Some modifications that i have in mind and will be adding to the test run gradually

size of data.json can be drastically reduced using a binary data format
the torch model needs to be saved in onnx format and then loaded at the frontend for calculating vector of input image
need to add support for examples that have multiple images (currently only taking the first image)

PR checklist

[N/A ] "closes #0000" is in the body of the PR description to link the related issue
new and changed code is tested
[N/A ] Plotting related features are demonstrated in an example
New Features and API Changes are noted with a directive and release note
Documentation complies with general and docstring guidelines

story645 · 2024-04-03T18:07:26Z

Can you please ~~add a more informative title? And~~ add in your description that this is a GSOC proof of concept/experiment?

WeatherGod · 2024-04-03T22:34:21Z

There are a bunch of extraneous (or just incomplete) files in this PR. For example, the zip file seems to be empty (and I would be highly against including such a file in an MR), along with the javascript file. The recommendations file seems to be a huge file of possible recommendations, which does not seem to be maintainable or verifiable.

story645 · 2024-04-03T22:43:03Z

@WeatherGod this PR started as part of a GSOC application for a visual search/detexify extension to the documentation build, but it looks likely that if we do this as GSOC this year it'll be a joint mentorship with sphinx-gallery and the code/PRs will likely go there.

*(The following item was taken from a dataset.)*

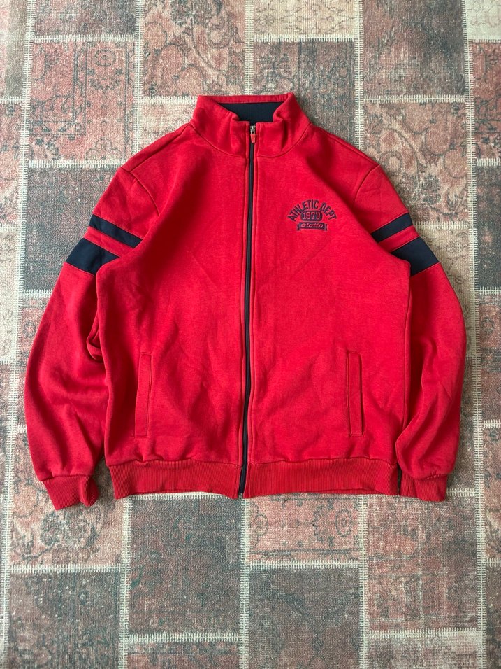 Kırmızı renkte, yüksek yakalı ve uzun kollu erkek sweatshirtü. Kollarında siyah şerit detayları ve fermuarlı ön kısmı bulunur. Yumuşak kumaştan, sportif sokak stili için uygun.

It'd likely be built off of/jumping off sphinx-gallery/sphinx-gallery#1125

Whether we want to enable that feature is a separate issue, but I think those pages can get created on build (like sphinx tags) and therefore don't need to be committed to the repo.

Basically yes I agree w/ you that this PR is unlikely to go in, but wanted to try and give you some more context on what's going on.

NirobNabil · 2024-04-04T08:59:34Z

I'm really sorry a lot of the files were mostly for test runs and i didn't organize them properly yet. I'll add more documentation and try to explain what i did in a short summary here within tonight. Really sorry for the unorganized mess

story645 · 2024-04-04T13:47:32Z

That's fine, but can you do your test run on your fork and just send me a link to the fork/update your application w/ it rather than opening up a pull request here since this is so experimental and if it gets accepted will likely live under sphinx-gallery.

ETA: which our general practice for these things is that if it's not quite ready for a PR, to instead link folks to the branch on the fork.

NirobNabil · 2024-04-04T18:18:46Z

That's fine, but can you do your test run on your fork and just send me a link to the fork/update your application w/ it rather than opening up a pull request here since this is so experimental and if it gets accepted will likely live under sphinx-gallery.

Understood. In that case, is the preferred communication channel gitter or should i email?

update your application w/ it rather than opening up a pull request hereupdate your application w/ it rather than opening up a pull request here

I checked the portal at gsoc and they wont allow updating the proposal anymore. the submission deadline is over. But I'll update my fork with new test runs and documentation and send you link over your preferred medium.

story645 · 2024-04-04T21:28:03Z

Understood. In that case, is the preferred communication channel gitter or should i email?

gitter is fine.

NirobNabil · 2024-04-08T19:45:29Z

There are a bunch of extraneous (or just incomplete) files in this PR.

For example, the zip file seems to be empty (and I would be highly against including such a file in an MR), along with the javascript file.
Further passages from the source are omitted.